4.3.5. Scheme Evaluation

Based on the bionic transformation of each part, the final product output is exhibited in Figure 16 (patent number of the gear skewer and threading machine: cn21254503u). After the innovative design, the automatic threading machine can be applied to the gear skewer and threading. Moreover, the packaging part has been upgraded, which greatly reduces the use of human and material resources. The comparison before and after the improvement of the scheme is presented in Table 7.

5. Conclusion

Via the combined use of BioTRIZ, orthogonal analysis, biological coupling, and other theoretical methods, the problem of obtaining multiple biological prototypes caused by the aggravation of product complexity has been solved, and the objectivity of bionic design has been improved. However, at present, the influence of subjectivity on the research in this field cannot be completely avoided, and further improvements will be made in follow-up research.

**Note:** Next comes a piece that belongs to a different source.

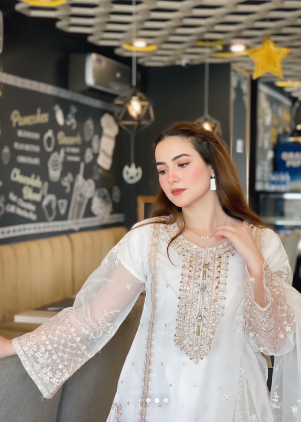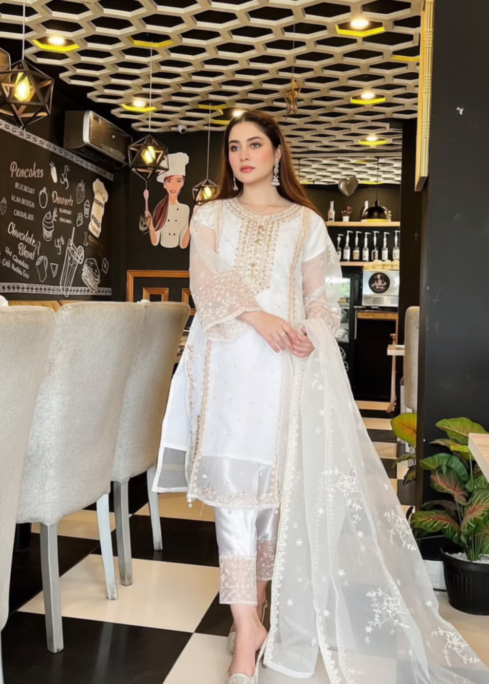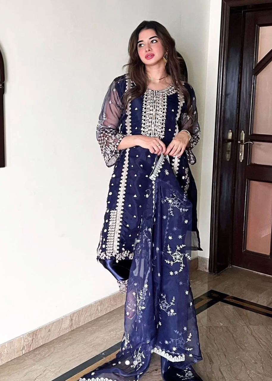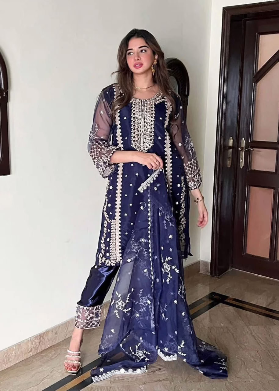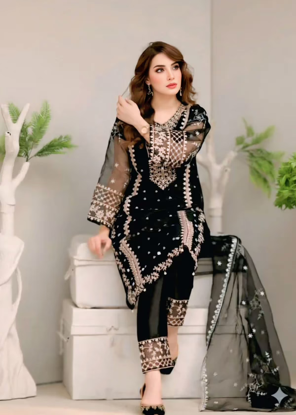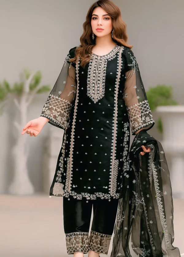 Crafted from luxurious organza, this elegant suit features delicate, intricate embroidery that adds a timeless touch. The light and sheer fabric drapes beautifully, while the fine threadwork enhances its graceful appeal. Perfect for weddings, festive occasions, or special events, this suit combines tradition with modern style, ensuring you stand out with elegance..

Aiming at the multicontradiction problem in BioTRIZ, a biological prototype contradiction matrix based on BioTRIZ was proposed. The possible solutions to each contradiction are listed one by one, after which the optimal combination scheme is determined to solve the problem, thereby providing a new solution for the multicontradiction problem in BioTRIZ. In view of the current situation of biological prototype evaluation from the perspective of technical systems, the advantages and disadvantages of biological prototypes are compared from the perspective of biology. Biological coupling mechanism analysis and the appropriateness of biological prototypes are used to evaluate and screen biological prototypes, which provides a more reliable evaluation standard. By organically combining orthogonal analysis and the calculation of the scheme optimization value, the selection method of the optimal bionic schemes for multiple biological prototypes is innovatively developed, which effectively reduces the number of bionic schemes to be analyzed. The biological coupling mode is used to prompt the bionic design, and a new method for the application of bionic design biological prototype is ultimately provided.

Data Availability

The [Figure and Table] data used to support the findings of this study are included within the article.

Conflicts of Interest

The authors declare that they have no conflicts of interest.

Acknowledgments

This study was supported by the Hebei Provincial Science Foundation Project (HB21YS041).